From 2006 to 2012, a number of his short films played the festival’s sidebar events Critics Week and Director’s Fortnight before his feature-length debut launched at Critics Week. Perplexingly described as a French sex comedy, those expecting a Gallic Carry on up the Côte will find You and The Night a far more mysterious, surreal and sensual proposition.
“I had the most perfect childhood and teenage years,” he reminiscences. “Everything was very quiet and very, very happy. So yeah, I don’t know where I dig these nightmares of mine from. Happily I don’t have any trauma,” he assures.
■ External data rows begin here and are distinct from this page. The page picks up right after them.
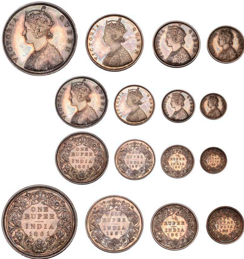
An extremely rare 1861 silver Pattern set, Royal Mint

1068 Victoria , original silver Pattern set, 1861, Royal Mint, London, by L.C. Wyon, comprising Rupee, type A/I, normal younger crowned and robed bust left, VICTORIA QUEEN, L.C. WYON below truncation, single line curves in Queen's crown, rev. ONE RUPEE above INDIA and date, all within scroll-like wreath of Indian flora, top flower emerging from three prongs, edge plain, 11.30g/6h ( Prid. 49 [Sale, lot 104]; SW 4.31; KM. Pn42; cf. Fore II, 804; cf. Sincona 75, 400); Half-Rupee, 1861, type A/I, similar, no signature, no pearls adjacent to centre jewel, rev. HALF RUPEE above INDIA and date, last numeral of date close to 6, edge plain, 5.68g/12h ( Prid. 250 [Sale, lot 138]; SW 4.114; KM. Pn40; cf. Fore II, 782; cf. Sincona 75, 401); Quarter-Rupee, 1861, similar, no signature, rev. 1/4 RUPEE above INDIA and date, edge plain, 2.79g/12h ( Prid. 371 [not in Sale]; SW 4.127; KM. Pn37; cf. Fore II, 779; cf. Sincona 75, 402); 2 Annas, 1861, similar, no signature, rev. TWO ANNAS above INDIA and date, edge plain, 1.36g/12h ( Prid. 481 [Sale, lot 155]; SW 4.139; KM. Pn35; cf. Fore II, 774; cf. Sincona 75, 403) [4]. Light hairlines in obverse fields, otherwise virtually as struck and attractively toned, extremely rare £15,000-£20,000
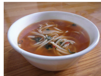
Bowl of soup
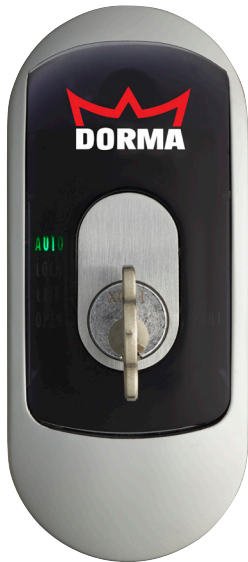
PK4 AUTO Mode
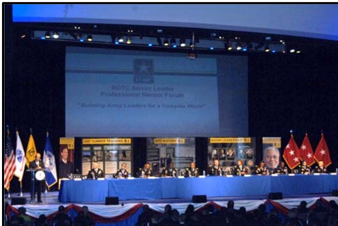
Eleven General Officers serve as panel members, and are engaged in questions and discussions at the Senior Leader Mentorship Forum.
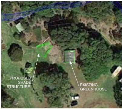
2 ENLARGED SITE PLAN NOT TO SCALE

66-1246 Mamalahoa Highway Kamuela, HI 96743 TMK: 66003007
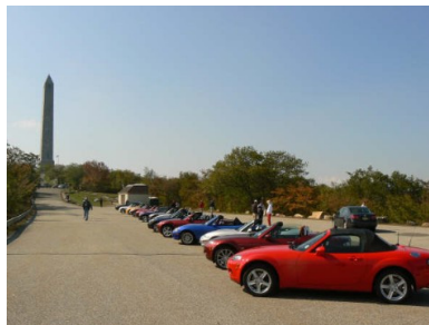
High Point State Park

You and The Night has its moments of darkness and angst but the film, which sees characters known only as The Slut, The Star, The Stud and The Teen rendezvous at an apartment for an orgy, is also loaded with hope, beauty and possibility.
Gonzalez concurs: “Because otherwise, you spend three or four years in the making of the film, so if you don’t have any hope at the end of the tunnel it’s terrible. How can you hang on to this dream, to this film, without any light?”
A triumph of imagination and resourcefulness over budgetary constraints, You and The Night transcends these limitations to deliver a number of highly stylised but visually stunning set pieces.
What will get tongues wagging however is its inspired casting, which features a memorable cameo from Betty Blue star Béatrice Dalle and a hilarious turn from Eric Cantona as the well-endowed Stud.
Says Gonzalez: “Having Eric Cantona on my set was a dream. I never thought I would have him and to my surprise he read the screenplay. Actually, it was my short films which made him decide to make the film, not the screenplay. I think he didn’t give a shit about the screenplay. He wanted to see my previous work and to him that’s the important thing.
“It’s the same thing for Béatrice Dalle, for instance. She never reads screenplays; she only wants to see the films you’ve made before. So that was very brave of her because before I had only made short films. And to the end she never read the screenplay. She discovered the film at the festival and she didn’t know what was going to be on the screen besides her sequence, which she read at the last minute, maybe one week before we shot it. I think she was quite surprised,” he laughs incredulously. “I think she wondered if it was really a good idea to make this fucking film.”
Another strong presence in the film is the soundtrack, provided by his brother Anthony from the band M83.“To me the music is really the soul of the film. It’s everything which is not said by the characters but that you can feel without putting a word in to it,” says Gonzalez.